Accepts input as ASCII. outputs as binary. The header adds 48 (ASCII 0) to the count so that small outputs appear as ASCII digits.

This is a complete rewrite of my previous answer below, taking into account everything I could have done better. In particular, I set up a specific cell with a 1 in it to help with the IF operation instead of trying to use other nonzero cells to assist.

There are a few more bytes to save with this approach if I have time later. It's still the highest scoring answer, but it isn't the longest anymore, which is gnerally as good as it gets with Brainfuck.
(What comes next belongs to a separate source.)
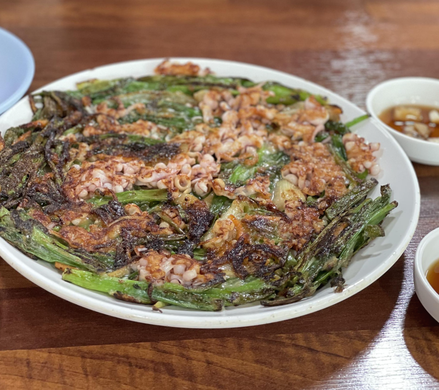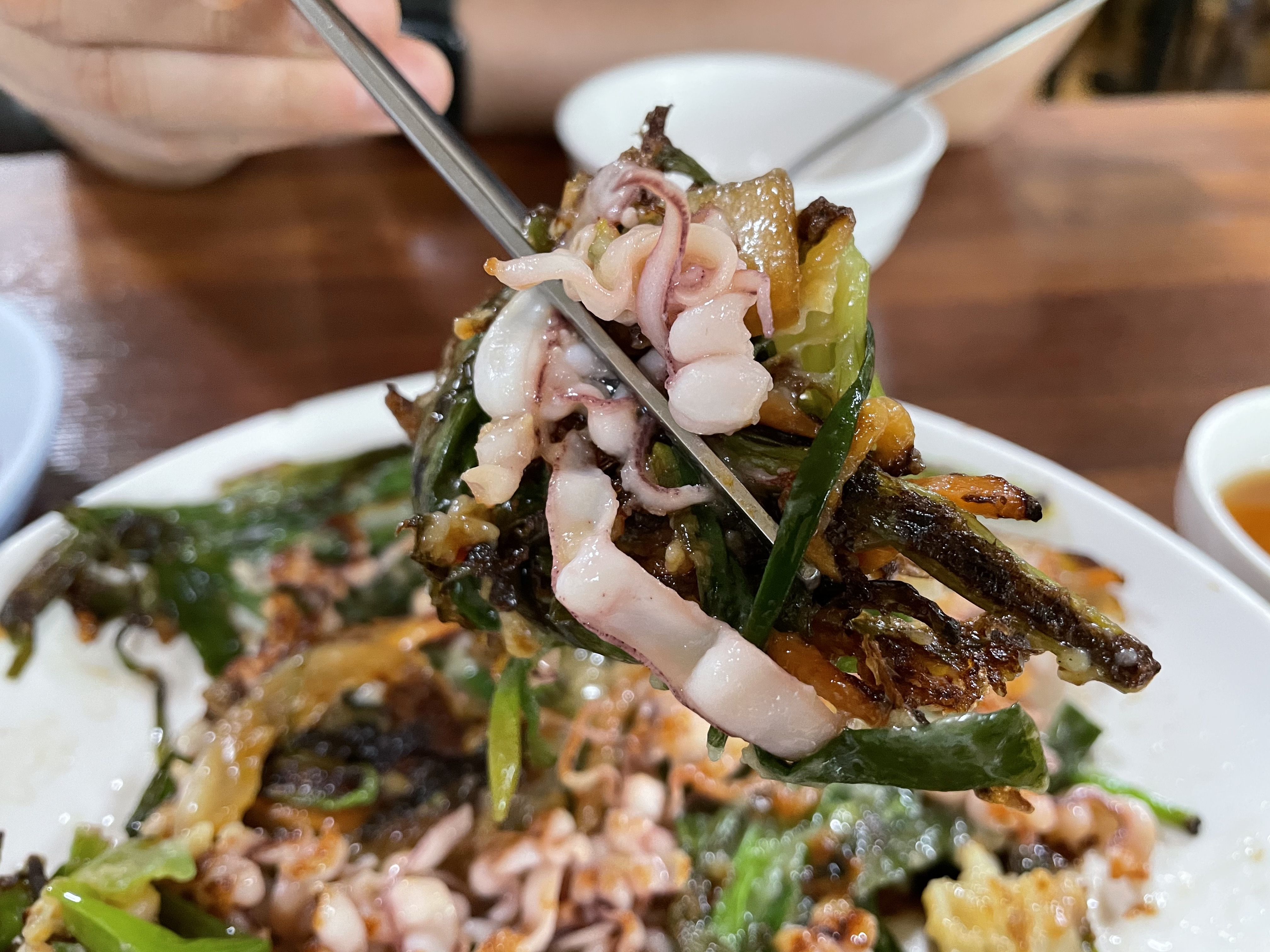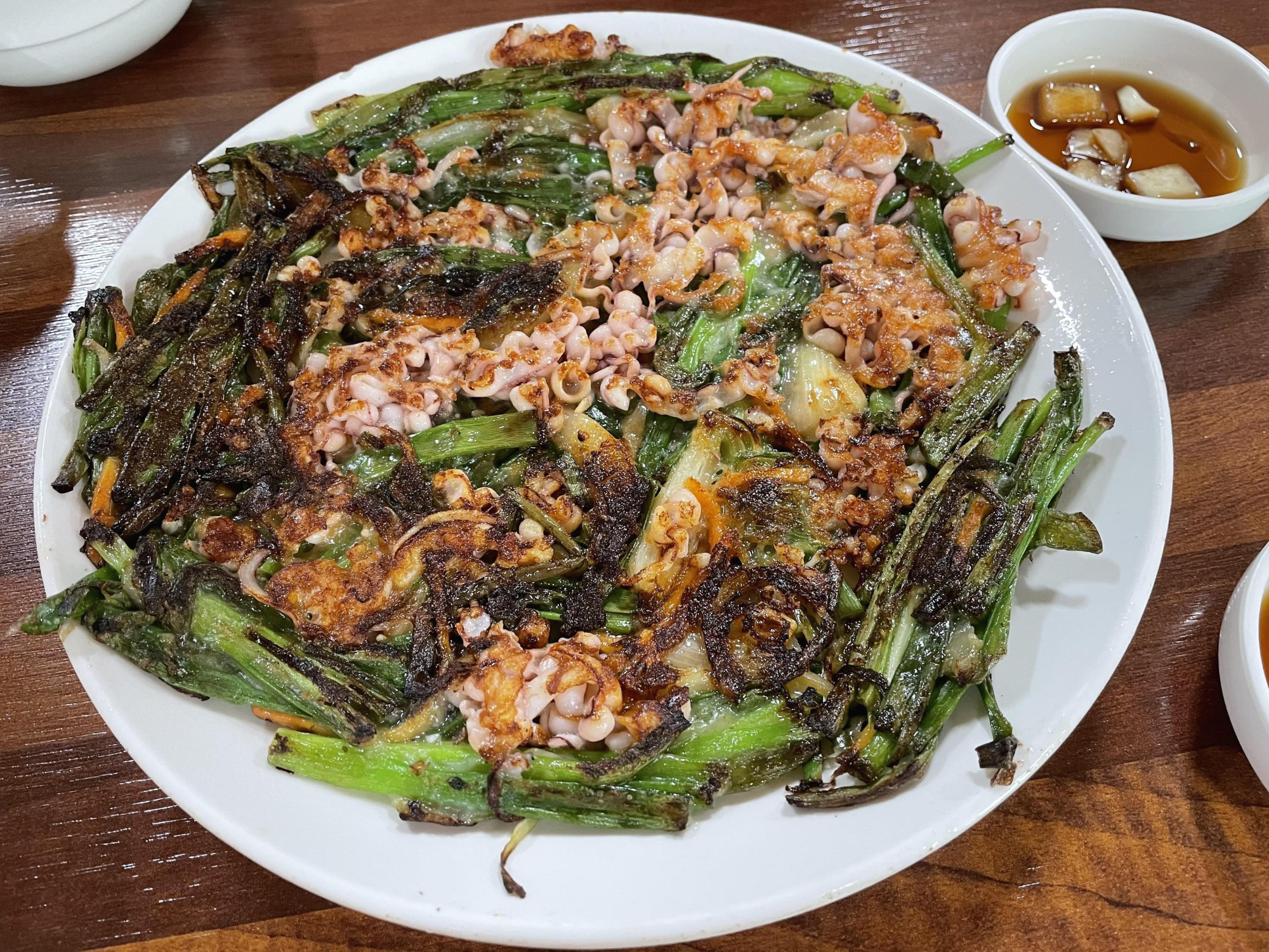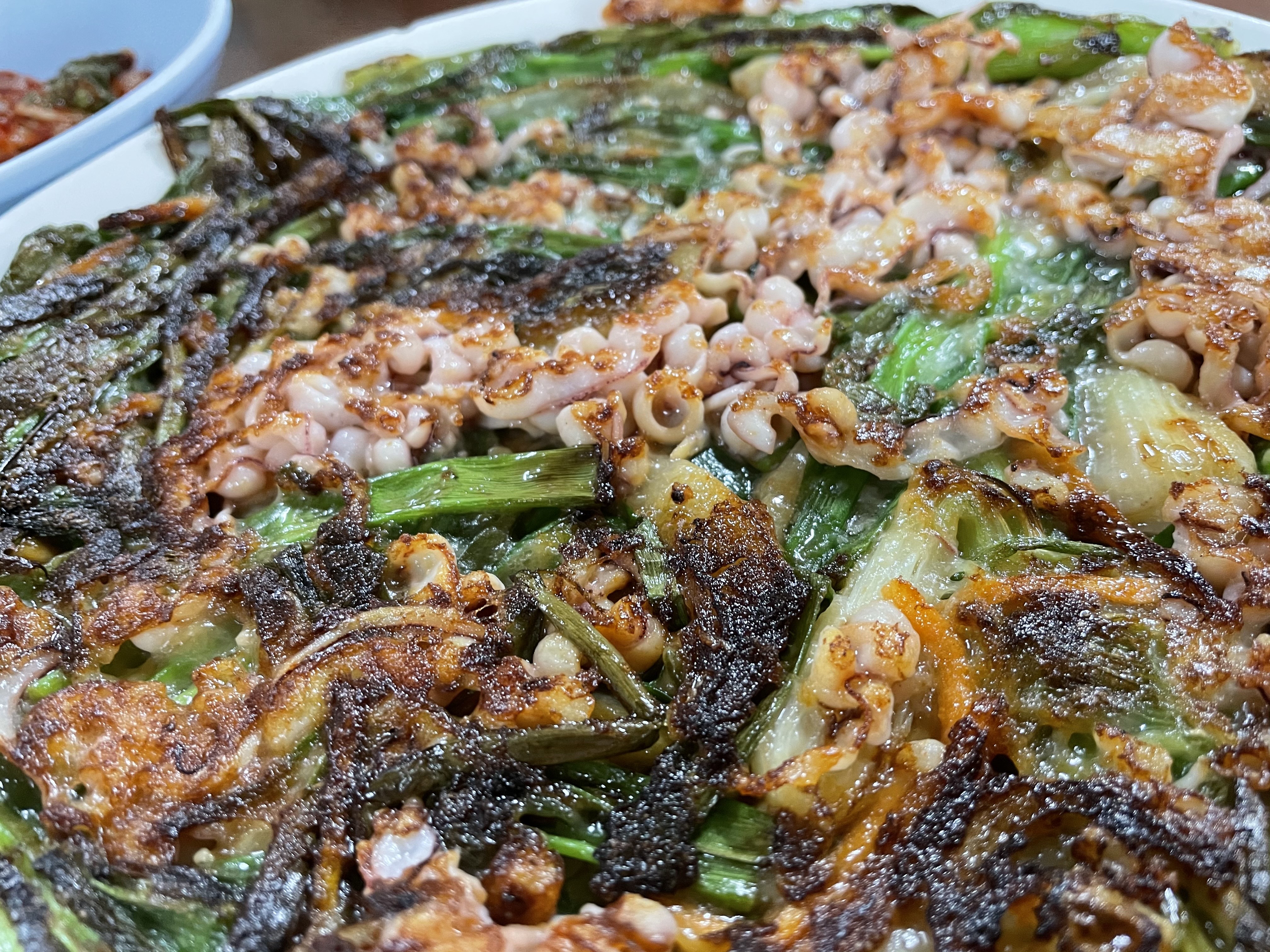 컬링이 된 오징어인지 쭈꾸미인지가 들어있는 파전이었어요. 맛은 그냥 그랬어요. 막 맛있지도 않고 너무 맛없지도 않은?

+>>                     Put a 1 in cell 0 then move to cell 2
,[                      take an input in cell 2 and loop until end of string marked by 0 encountered
<++++[----->>->+>+<<<<] Put 260 mod 256=4 in cell 1; iterate 260/5=52 times to subtract 52 from cell 3 and store 52 in cells 4 and 5
----[---->-<]>-         Put minus 4 = 252 in cell 1; iterate 252/4=63 times to subtract 63 from the input; then reduce by one more  
>+>                     add 1 to cell 3
[--<<-[<]<[>>>+<<]>>>]  iterate 26 times UPPERCASE using 52 in cell 4; if not zero add 1 to cell 3 
<<------>>>             subtract 6 from the input 
[--<<<-[<]<[>>>+<<]>>>>]iterate 26 times LOWERCASE using 52 in cell 5; if not zero add 1 to cell 3
<<<                     overall cell 3 has increased by 0 if input is a letter or 1 if not a letter
,]                      take more input into cell 2 until end of string marked by 0 encountered
>.                      output count from cell 3 

brainfuck, 146 138 bytes

,[<++++[-----<-<+<+<+>>>>]>----------<<<<<[->>>>>-<<<<<]>>>>>--<<<<[-->>>>-[<]<[+>]<<<]>>->>------<<<[-->>>-[<]<[+>]<<]>++[->>>+<<<]>>,]>.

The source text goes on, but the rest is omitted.